In a significant policy shift affecting expatriates, Kuwait has announced that all foreigners entering or residing in the country will be required to pay mandatory health insurance fees starting December 23, 2024. The new regulations, issued by the Ministry of Health under Minister Dr. Ahmed Al-Awadi, implement executive rules of Law No. 1 of 1999, establishing a transparent and unified system.
Detailed Fee Structure for Visas and Residency
The executive rules clearly define the financial obligations for different categories of foreigners. For those applying for residency visas, a health insurance fee of 5 Kuwaiti dinars will apply across eight visa types. These encompass employment in government and private sectors, commercial activities, family reunification, study, foreign investment, and temporary work in government contracts and the oil sector.
When it comes to visit visas, the fees will align with the private sector health insurance system. This covers nine permit types, including government, business, family, private, medical, tourist, and cultural visits. A standard fee of 5 dinars also applies to transit visas, entry for transport drivers, emergency visas, and a newly introduced category.
Substantial Costs for Residency Permits and Sector-Specific Relief
Obtaining a residency permit in Kuwait will now come with a heftier health insurance cost. The fee is set at 100 dinars for ten categories, including government and private employees, investors, students, self-sponsored individuals, property owners, and certain religious figures.
However, the regulations provide some relief for specific private-sector workers. Employees in agriculture, fishing, animal herding, and dairy companies will pay a reduced fee of 10 dinars as per Article 18. A notable exemption benefits Kuwaiti families sponsoring domestic workers: the first three workers are exempt, with a 10 dinar fee applying only from the fourth worker onward.

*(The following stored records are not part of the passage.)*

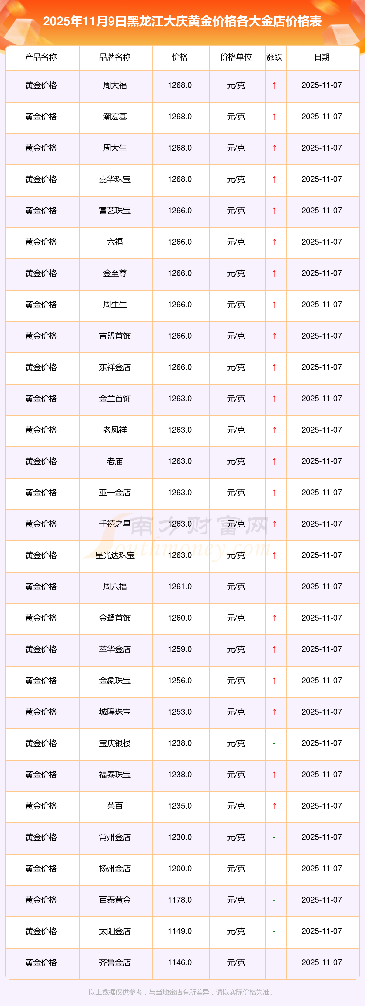 今天是2025年11月9日,黑龍江大慶寶泉錢幣、金蘭首飾、金蘭首飾、謝瑞麟、謝瑞麟、謝瑞麟、謝瑞麟、謝瑞麟、金銀街、金銀街、金銀街等各大金店品牌黃金價(jià)格最新價(jià)格如下:寶泉錢幣11.4元/克、金蘭首飾1263.0元/克、金蘭首飾560.0元/克、謝瑞麟1202.0元/克、謝瑞麟1268.0元/克、謝瑞麟44260.0、謝瑞麟13080.0、謝瑞麟39960.0、金銀街1243.0元/克、金銀街1258.0元/克、金銀街1248.0元/克。
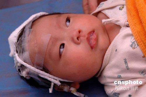 2008年5月17日下午,四川大學華西醫院抗震救災急診部門,接來一位出生剛80天,來自地震重災區四川綿竹的女嬰,她的名字叫廖靜萱。廖靜萱目前腦部出現腦水腫,可能將要進行腦部手術,其右腿也帶有地震創傷。中新社發 鄒憲 攝
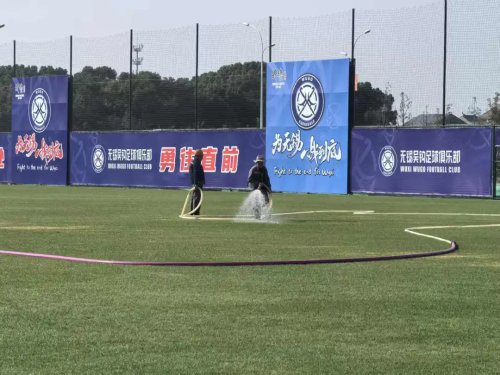 隨著新一屆無錫隊即將進入備戰關鍵階段,吳鉤足球俱樂部訓練基地也將正式投用。8日,記者來到位于胡埭鎮人民路與芙蓉南路路口的訓練基地探訪,正值冬日草皮養護期,只見幾名工作人員正在進行澆水、施肥等養護工作,球門已經安裝到位,球場四周的圍網上,印有吳鉤足球俱樂部的隊徽、隊旗、口號等元素,讓這座即將投用的全新基地充滿足球氛圍。

Exemptions and Important Clarifications
The Kuwaiti government has outlined several full exemptions from these health insurance fees. The exempt categories include:
- Foreign women married to Kuwaiti citizens
- Widowed or divorced Kuwaiti women with foreign children
- Foreign children and parents of Kuwaiti citizens
- Children of Kuwaiti women from foreign husbands
- Up to three domestic workers in Kuwaiti households
- Members of diplomatic missions and official delegations
- Bedouns (stateless residents coordinated with the relevant agency)
- Foreign newborns for four months until passport issuance
The Ministry has issued crucial clarifications: exemptions are valid only if the foreigner holds the specific residency permit mentioned in the rules. The insurance coverage is tied to the visa's issue date and duration, not the passport's validity. Furthermore, if a residency permit is reissued due to an administrative error and an exemption is granted, any fees paid earlier will be refunded.
This sweeping reform aims to streamline healthcare funding for foreigners in Kuwait. For the large Indian expatriate community and other nationals planning travel or work in the Gulf nation, understanding these new financial requirements is essential for compliance from the December 23 deadline.